Having lived in the area for some time, I sort of became accustom to delays, sort of. Well, I knew the times in which each manufacturer would likely be shipping out large orders. Train traffic slows down at night, the loud whistles can disturb the peace. Without failure, early in the morning the loud roar of train engines and their warning whistles permeated the air. On my usual route I had to cross three different train intersections but I had a plan worked out. A plan of action was necessary because these were not small engines and several were used in unison to pull hundreds of box cars. Waiting for a train to pass could mean being late for work and the boss didn't play that. My plan involved timing.
One day my lover, Mrs. Thunderstorm didn't love me anymore. Well, she threw a wrench in my game. Did I mention the fact that the area is frequently visited by tremendous tornadoes? Yep, it is. One morning while I was on my way to work, my progress was impeded by trees in the street and downed power lines. I could weave through the down branches and drifting garbage cans but trains were stalled across several tracks. A tornado had come through overnight - my time schedule was shot. I became annoyed waiting in line and decided to take a different route. My lack of patience took me to a place I will never forget.
I thought I'd be clever and go through the white part of town where the trains were not so prevalent. It was a longer route but I thought I could gain time if I didn't get arrested for being a black man on the wrong side of town.
Don't most funerals take place in the afternoon? I didn't know what was going on but I turned a corner and again I was stopped by a long line of cars. This time a funeral procession was passing. The deceased was in a horse drawn carriage. I didn't know the name of the deceased but the person was popular -very popular! There must have been five hundred followers. So, while waiting, I noticed a pay phone. I got out of my car and called my employer. I told him I was going to be late and might as well take the morning off.
As my patience wore thin, my curiosity peeked. I was wondering who this person could be that had so much family or so many friends. I decided to follow the procession to where ever they were going. After driving several miles it was obvious this was not your ordinary run of the meal type person. I found myself in a secluded area. I parked away from the gathering crowds and slowly approached them. They all were dressed in strange attire - several were crying. One said if the deceased had only waited he'd still be alive. Others questioned if he jumped to his death. I stuck out like a sore thump but I had to find out the identity of this person. I walked closer to the crowd that had gather around an open casket. At first I thought the person had died from a broken heart because I heard one saying "all of those men couldn't put him back together". When I heard another say that he had no business going up there, I realized he had fallen to his death .

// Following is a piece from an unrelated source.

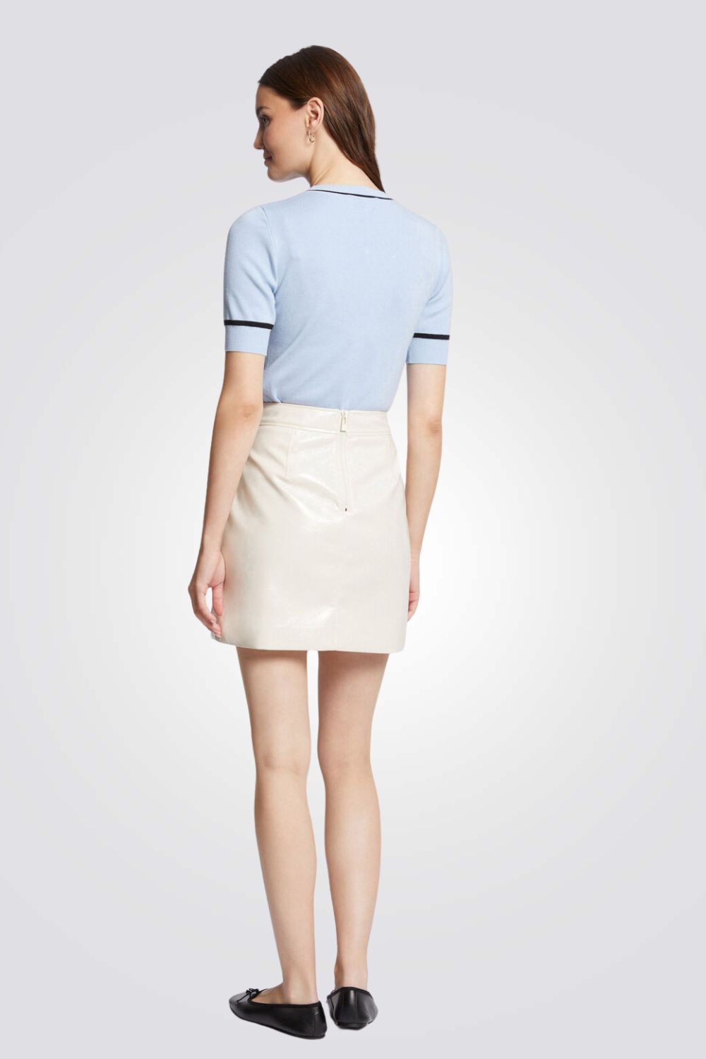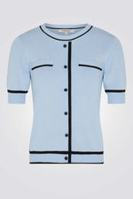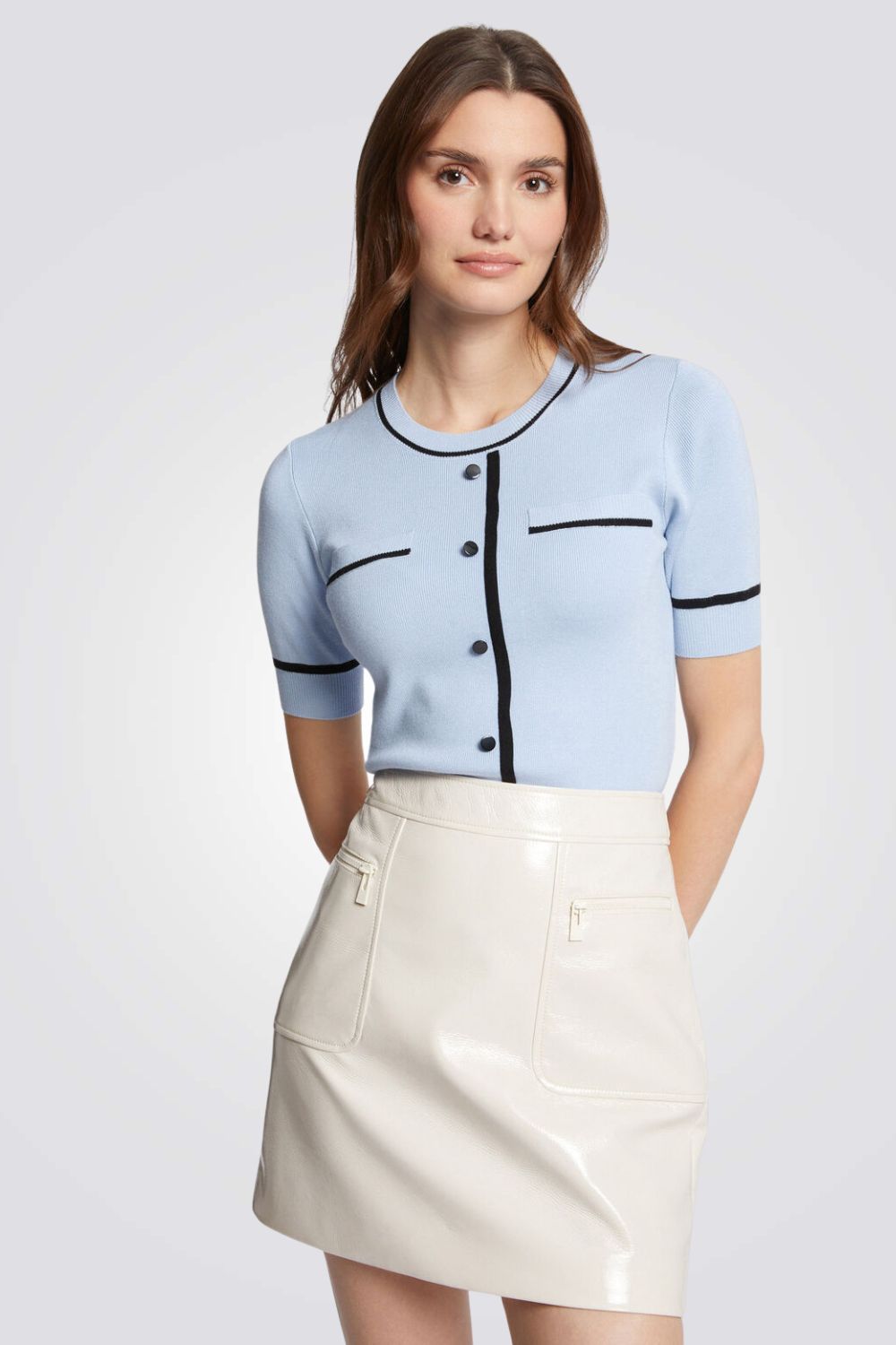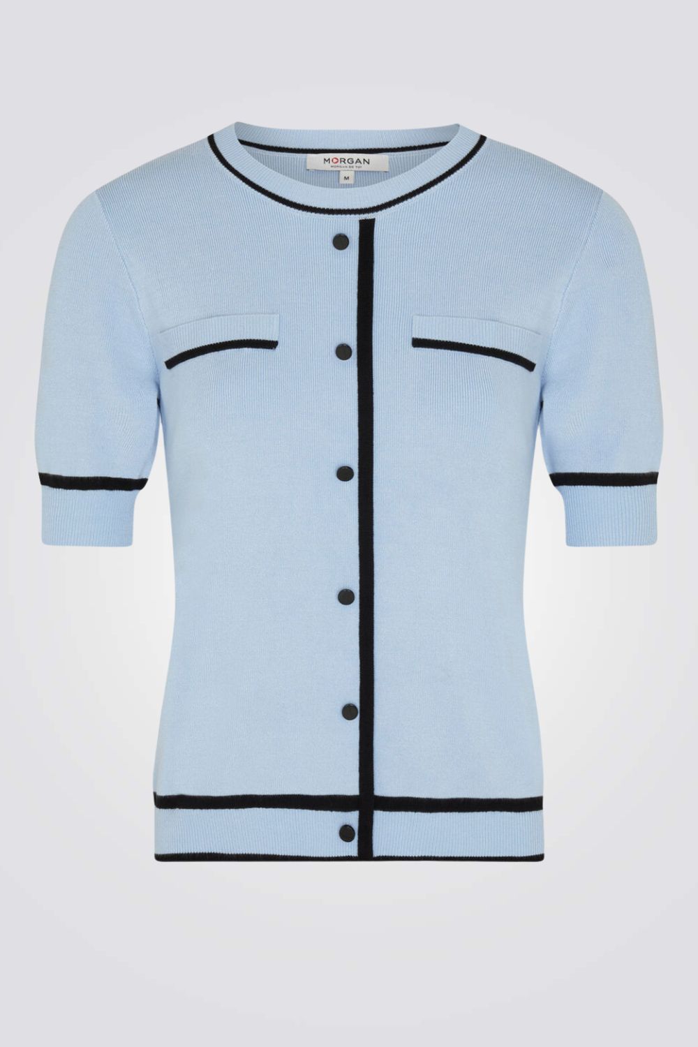 רצועות מנוגדות בקו הצווארון, השרוולים והחלק הקדמי.

As I was about to peek my head through the crowd to get a look at the person, I heard children begin to sing. I thought I heard the words king and horses, then I heard the sounds of car horns. The children continued:
..." Humpty Dumpty sat on the wall/ Humpty Dumpty had a great fall/ all the kings horse and all the kings men/ couldn't put Humpty back together
I woke up to the sounds of someone taping on my car window. I was still in my car waiting at the train tracks. Sweet drops of rest. The thought of a passing thunderstorm must have put me to sleep and my impatience took me on a ride to Humpty Dumpty's funeral. I can't wait for another thunderstorm. Maybe next time I'll be the president of the United States. Well, maybe I should think about that?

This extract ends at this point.